# Son of a Gun,  did I just ruin 24 lbs of bacon  ??



## mark bacon (Jan 22, 2015)

Wondering if I ruined my bellies ??? I have a Char Griller offset smoker.  I tried to toss a ridiculous amount of smoke on the bellies by using chunks, chips and also pellets on a very cold night and put a little snow on top of everything to keep the flames down. 

Guess what didn't work  ?? or maybe I needed more snow or a few water spritzes on the wood.  In any case, I went out about 3 hours later to check to see how things were going and when I opened up the offset barrel, all the wood was ash, and there were almost no coals left smoldering.  Everything had burned up.  Normally, I can get about 3-4 hours per load of chunks and chips, but I had never tossed pellets on the pile as well.

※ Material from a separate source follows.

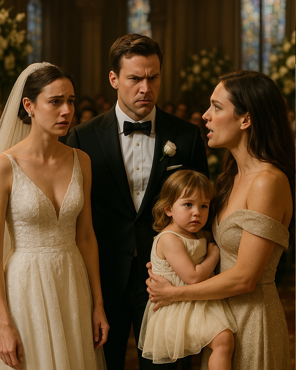 Een vrouw, gekleed in het wit hoewel ze niet was uitgenodigd, stapte de kerk binnen. In haar armen droeg ze een klein meisje, niet ouder dan drie jaar.

 When I opened the smoker and looked at the bacon, it was BLACK.  Internal temp was only 100, but the exterior of the bellies was an oily black mess.  Not burnt or crispy, but  it was definitely covered in black.  Guessing that when the wood / chips/ pellets caught flame, it also burned all the soot off the offset barrel and then this drifted across the bellies leaving a black residue that smelled like a house fire as the outside of the offset smoker now has the paint burnt off.

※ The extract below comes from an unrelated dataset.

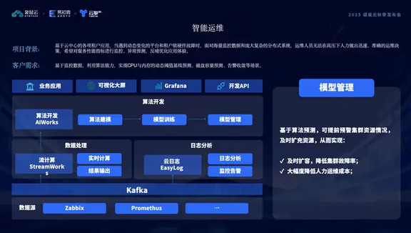 方案:为其构建了一套完整的“智能运维” 体系。1. 数据源:接入 Zabbix 、Prometheus 等监控数据。2. 数据处理:通过 Kafka 接入“云日志 EasyLog” 和“流计算 StreamWorks” 进行“实时计算” 。3. 算法开发:利用“算法开发平台 AIWorks” 进行“算法建模” 和“模型训练” 。4. 业务应用:将“结果输出” (如“监控告警” )对接到“可视化大屏 Grafana” 和“开发 API” 。

Since it was cold, 35-38 that day, I left the bellies in the smoker but opened all the dampers and flue in an effort to air them out.  That nite, I literally scrubbed and washed off as much of the black as I could and then let them air dry for another 36 hours.  This morning I tossed some pecan into my AMNPS and I am hoping the 36 hour air dry and the follow up pecan smoke will make the burnt house smell go away.   Every time I try to rush bacon, it does not come out as well as when I take my time.

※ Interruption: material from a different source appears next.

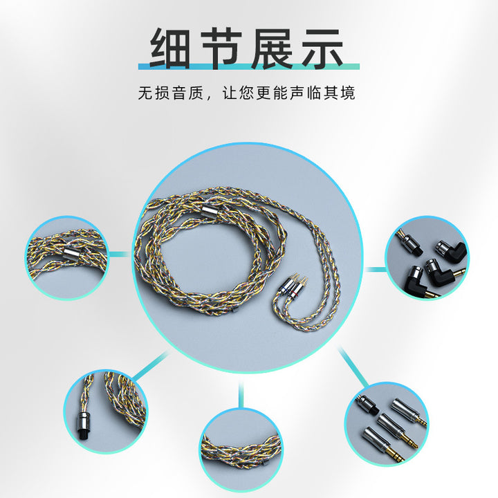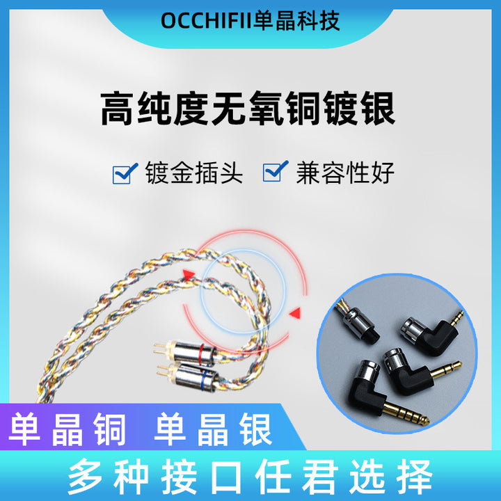R129HMT single crystal copper silver headphone cable four strands coaxial headphone cable 0.78 double needle MMCX pin fever wire

Any other suggestions  ?   soak in maple syrup ?  soak overnite in water and then re-smoke,  Let it air age for another few days or week ? or chalk it up to stupidity and toss out 24 lbs of pork belly and start over ?

Suggestions ?????


----------



## timberjet (Jan 22, 2015)

Oh man. I am gonna bet all that moisture on the bacon and in the smoker created a nice layer of creosote on your bacon. I don't know if there is a remedy for this.


----------



## Bearcarver (Jan 22, 2015)

*  When I opened the smoker and looked at the bacon, it was BLACK.  Internal temp was only 100, but the exterior of the bellies was an oily black mess.  Not burnt or crispy, but  it was definitely covered in black.  Guessing that when the wood / chips/ pellets caught flame, it also burned all the soot off the offset barrel and then this drifted across the bellies leaving a black residue that smelled like a house fire as the outside of the offset smoker now has the paint burnt off.*

If it is as bad as you say above, my guess is you can't wash, soak, or air it into anything you would want to eat.

If there was a way to slice off the outside 1/8" on all sides, the inside might be edible, but that's not an easy chore.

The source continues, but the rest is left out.